§ **Exercise description**
Leave out all pictures while repeating the records exactly and completely.

§ **Task material**
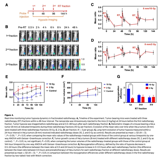 這篇論文摘要闡述了缺氧在腫瘤對放療抵抗中的關(guān)鍵作用,研究放療期間缺氧動態(tài)對改善治療計劃和預(yù)后很重要。作者開發(fā)了一種發(fā)光納米探針(RHyLI),由熒光半導(dǎo)體聚合物和鈀復(fù)合物組成,能在狹窄氧范圍(0-30 mmHg O2)內(nèi)對缺氧細微變化提供高靈敏度和可逆響應(yīng)。靜脈注射后,探針有效積累并分布在腫瘤中,包括缺氧區(qū)域。通過700和800 nm發(fā)射比率進行定量成像,用于分次放療期間7天內(nèi)的腫瘤缺氧動態(tài)成像。結(jié)果顯示,高分次劑量(10 Gy)比低劑量(2 Gy)更有效改善腫瘤再氧合,且效果在較小或更放射敏感腫瘤中持續(xù)更久。第一次分次的再氧合效率對預(yù)測放療結(jié)果很重要。
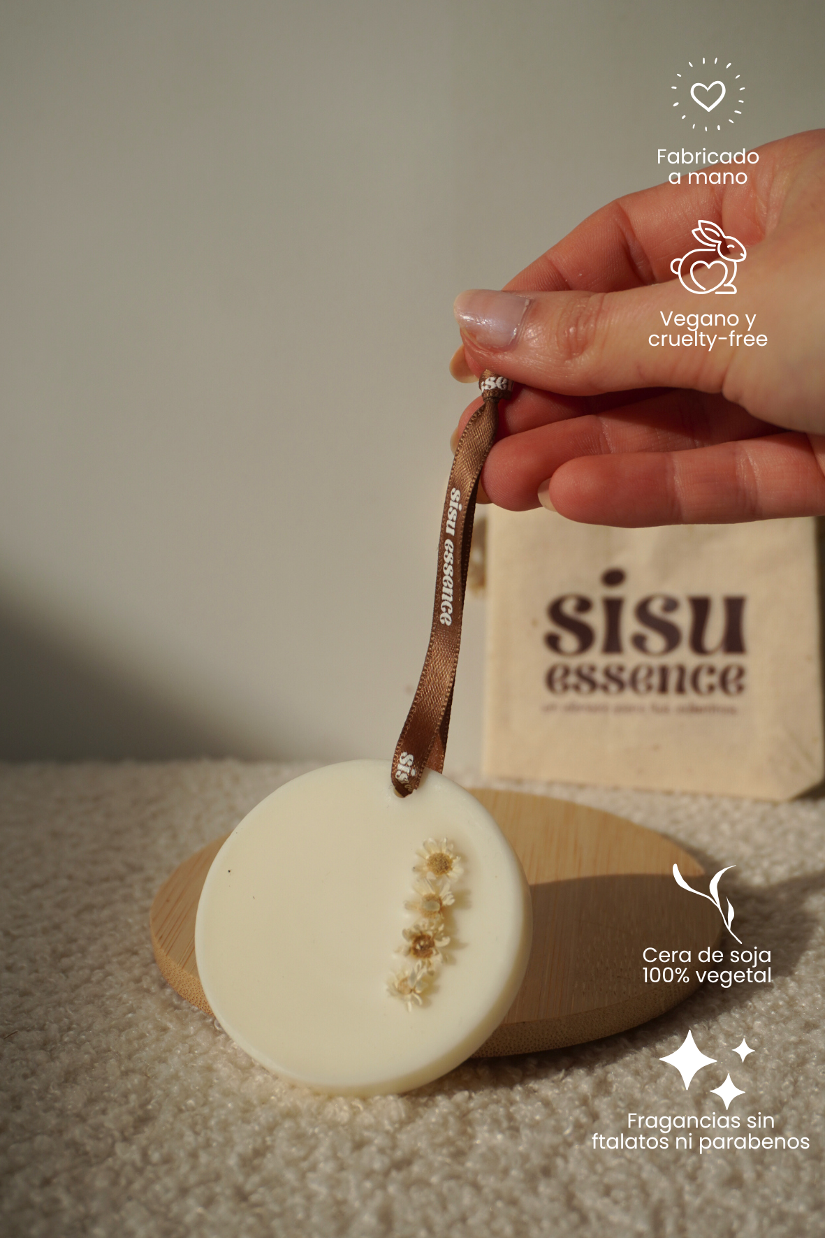 El ambientador está hecho a mano en nuestro taller, con mucha calma y amor. Lo fabricamos con cera de soja 100% vegetal, y colocamos las flores una a una con delicadeza.
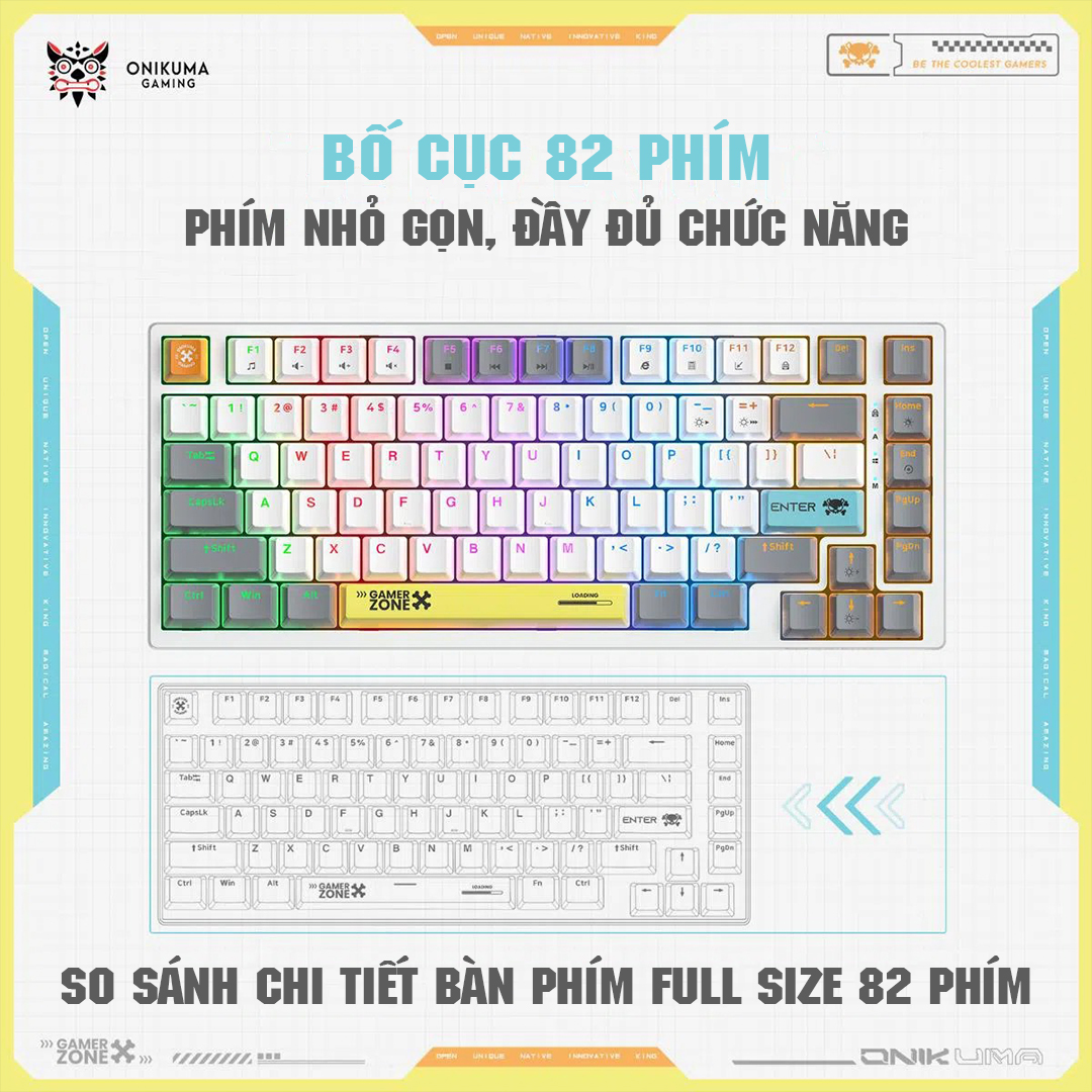 Bàn phím cơ ONIKUMA G58 Hot-Swappable 82 phím RGB gaming có dây – được thiết kế để mang đến trải nghiệm chơi game vượt trội với nhiều tính năng hiện đại và thiết kế tinh gọn. Trang bị switch cơ có thể thay nóng (hot-swappable), người dùng dễ dàng tùy chỉnh bằng cách thay thế switch mà không cần hàn. Với tuổi thọ phím lên đến 50 triệu lần nhấn, bàn phím đảm bảo độ bền bỉ và hiệu suất ổn định trong thời gian dài.
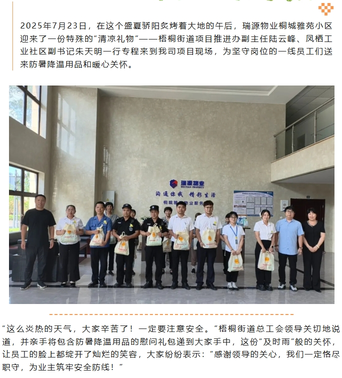 烈日下的关怀:梧桐街道总工会高温慰问暖人心
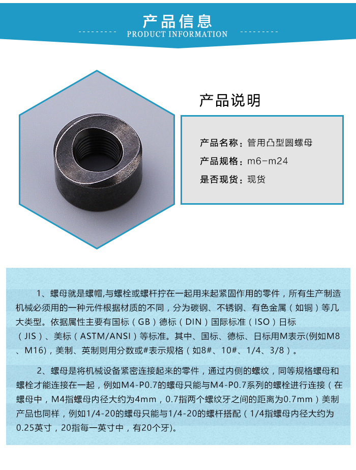 管用凸型圓螺母可以說是在我們的生活中隨處可見,當然在一定程度上說明我們的生活與其息息相關,也體現了管用凸型圓螺母的重要程度,因此對管用凸型圓螺母的要求可是額外重要。管用凸型圓螺母有四大材質:碳鋼、不銹鋼、銅質、合金。碳鋼材質的管用凸型圓螺母可以說是不叫大眾化,也是用量z多的一種,呈黑色狀,整體較為堅硬,不銹鋼材質的管用凸型圓螺母,則多是運用在一些電子行業、船舶工業、汽車行業等,因其不易生銹的原因,運用的領域算是不叫了,銅質管用凸型圓螺母可以說是專用于煤礦、電力等需要防爆的領域,合金鋼材質因非常的堅硬耐用,在鐵路交通、采礦設備、石油鉆井則是廣泛使用的一種。
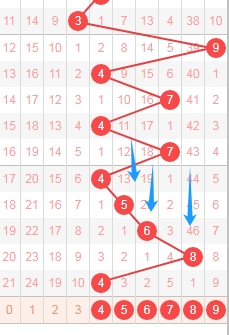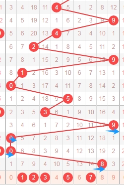 上图是福彩3D开奖号码从左到右第三位数字走势图,我标志出来的蓝色小箭头表示的都是遗漏周期,最近几期开出的遗漏周期大,数字8遗漏周期是46期,所以本期可以继续关注遗漏周期小的数字456789,个人最看好数字478。
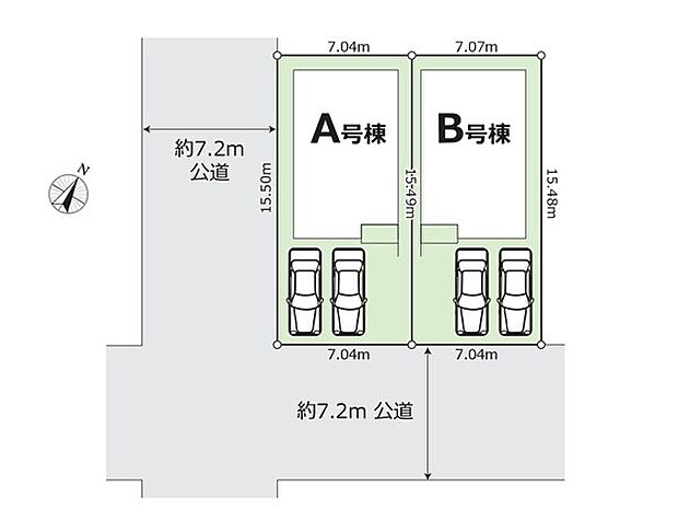 A号棟:南7.2m 西7.2m
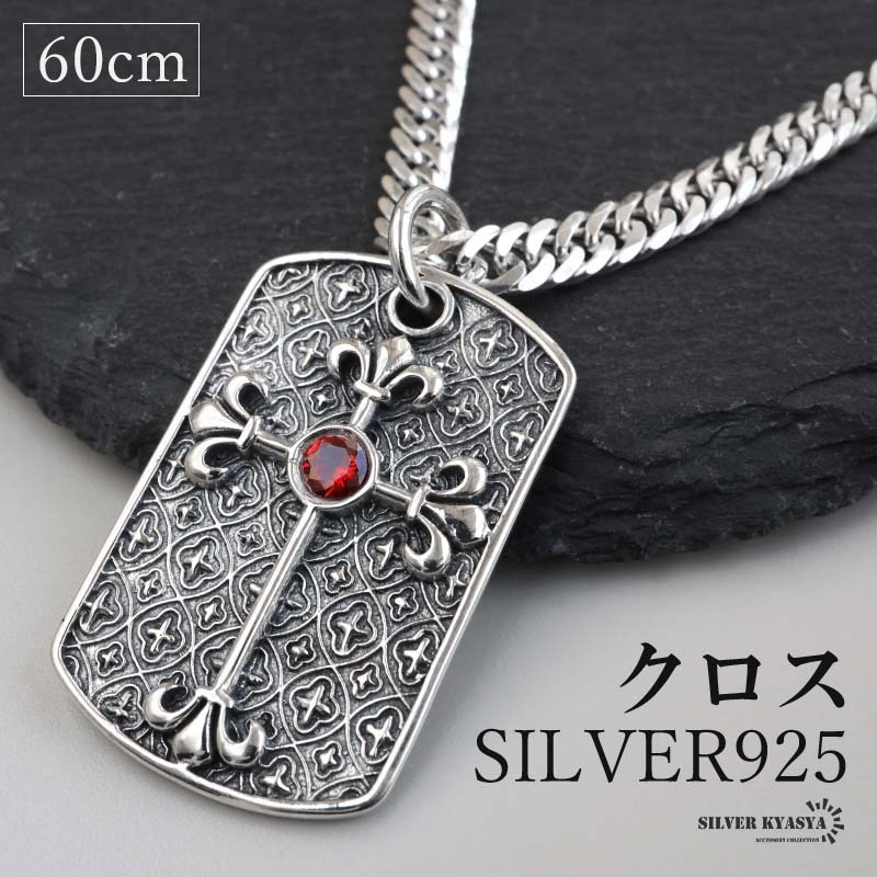 - シルバー925 ドッグタグネックレス クロスネックレス ダブル喜平 6面カット 60cm シルバー 燻し メンズ 金アレ対応

§ **Solution below**
 這篇論文摘要闡述了缺氧在腫瘤對放療抵抗中的關(guān)鍵作用,研究放療期間缺氧動態(tài)對改善治療計劃和預(yù)后很重要。作者開發(fā)了一種發(fā)光納米探針(RHyLI),由熒光半導(dǎo)體聚合物和鈀復(fù)合物組成,能在狹窄氧范圍(0-30 mmHg O2)內(nèi)對缺氧細微變化提供高靈敏度和可逆響應(yīng)。靜脈注射后,探針有效積累并分布在腫瘤中,包括缺氧區(qū)域。通過700和800 nm發(fā)射比率進行定量成像,用于分次放療期間7天內(nèi)的腫瘤缺氧動態(tài)成像。結(jié)果顯示,高分次劑量(10 Gy)比低劑量(2 Gy)更有效改善腫瘤再氧合,且效果在較小或更放射敏感腫瘤中持續(xù)更久。第一次分次的再氧合效率對預(yù)測放療結(jié)果很重要。
 El ambientador está hecho a mano en nuestro taller, con mucha calma y amor. Lo fabricamos con cera de soja 100% vegetal, y colocamos las flores una a una con delicadeza.
 Bàn phím cơ ONIKUMA G58 Hot-Swappable 82 phím RGB gaming có dây – được thiết kế để mang đến trải nghiệm chơi game vượt trội với nhiều tính năng hiện đại và thiết kế tinh gọn. Trang bị switch cơ có thể thay nóng (hot-swappable), người dùng dễ dàng tùy chỉnh bằng cách thay thế switch mà không cần hàn. Với tuổi thọ phím lên đến 50 triệu lần nhấn, bàn phím đảm bảo độ bền bỉ và hiệu suất ổn định trong thời gian dài.
 烈日下的关怀:梧桐街道总工会高温慰问暖人心
 管用凸型圓螺母可以說是在我們的生活中隨處可見,當然在一定程度上說明我們的生活與其息息相關,也體現了管用凸型圓螺母的重要程度,因此對管用凸型圓螺母的要求可是額外重要。管用凸型圓螺母有四大材質:碳鋼、不銹鋼、銅質、合金。碳鋼材質的管用凸型圓螺母可以說是不叫大眾化,也是用量z多的一種,呈黑色狀,整體較為堅硬,不銹鋼材質的管用凸型圓螺母,則多是運用在一些電子行業、船舶工業、汽車行業等,因其不易生銹的原因,運用的領域算是不叫了,銅質管用凸型圓螺母可以說是專用于煤礦、電力等需要防爆的領域,合金鋼材質因非常的堅硬耐用,在鐵路交通、采礦設備、石油鉆井則是廣泛使用的一種。
 上图是福彩3D开奖号码从左到右第三位数字走势图,我标志出来的蓝色小箭头表示的都是遗漏周期,最近几期开出的遗漏周期大,数字8遗漏周期是46期,所以本期可以继续关注遗漏周期小的数字456789,个人最看好数字478。
 A号棟:南7.2m 西7.2m
 - シルバー925 ドッグタグネックレス クロスネックレス ダブル喜平 6面カット 60cm シルバー 燻し メンズ 金アレ対応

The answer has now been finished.